Le gouvernement, lui, tient une plume aussi, mais une plume qui, pour pouvoir gouverner, doit signer des dettes et ensuite taxer autant qu’il peut pour rembourser ces dettes, sans jamais réussir à le faire complètement. C’est pourquoi, plus le pays se développe, plus il est endetté envers des gens qui ne le développent pas, envers les banquiers.

Et comme l’argent ne vient ainsi qu’à l’état de dettes envers les créateurs et les contrôleurs de l’argent et du crédit, ces messieurs tiennent entre leurs mains, comme l’a bien écrit Pie XI dans Quadragesimo Anno: «Ils détiennent entre leurs mains, le contrôle du sang même de la vie économique, si bien que sans leur permission, nul ne peut respirer.» Personnes, familles, institutions comme gouvernements, sont sous la coupe des créateurs de l’argent, des contrôleurs du crédit.

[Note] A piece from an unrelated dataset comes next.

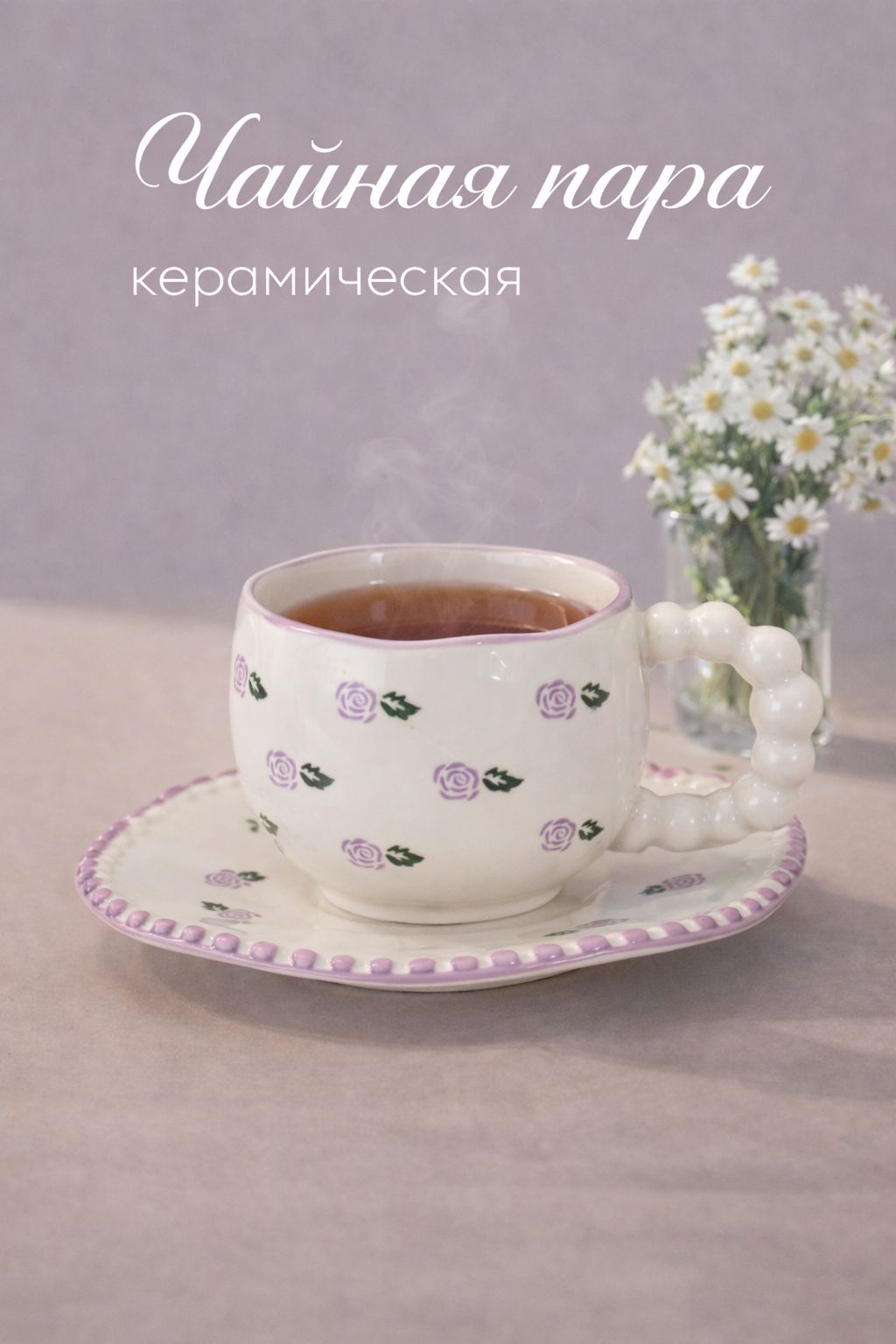 Чайная пара "Фиолетовая роза" блюдце 16х1,5 см, чашка13х10х7 см

Ces réflexions, mes chers amis, frappent monsieur Dubois. Il avait toujours pensé que les banques prêtaient l’argent de leurs déposants, qu’elles le prêtaient à la place des déposants, faisant leur profit avec la différence entre l’intérêt chargé par elles aux emprunteurs et le petit intérêt, versé par elles aux déposants, pour les encourager à continuer de confier leurs épargnes à la banque. Il est surpris d’apprendre que les banquiers créent l’argent alors que le gouvernement, lui, ne crée que des dettes quand les taxes ne lui suffisent pas.

Monsieur Dubois va apprendre bien d’autres choses encore. Son professeur du moment lui montrera à voir les choses en termes de réalité bien plus qu’en termes d’argent. Puis à soumettre l’argent aux choses pour servir les hommes au lieu de soumettre les choses à l’argent en faisant souffrir les hommes, comme cela se fait aujourd’hui.

Il apprendra qu’on ne peut ni consommer ni détruire de la production qui n’a pas d’abord était faite. Donc, que la consommation n’est jamais plus grosse que la production. Qu’il ne devrait pas exister de dettes publiques.

Il apprendra aussi à distinguer entre les prix calculés, d’après ce qu’il a fallu dépenser d’argent pour le produire et les vrais prix calculés, d’après ce qu’il a fallu sacrifier de choses pour les réaliser.

Il apprendra enfin que «Mort aux taxes» est parfaitement possible. Du moins, qu’on peut supprimer avantageusement tout le système actuel de taxes. Ce sera le sujet de deux autres causeries dans un avenir prochain.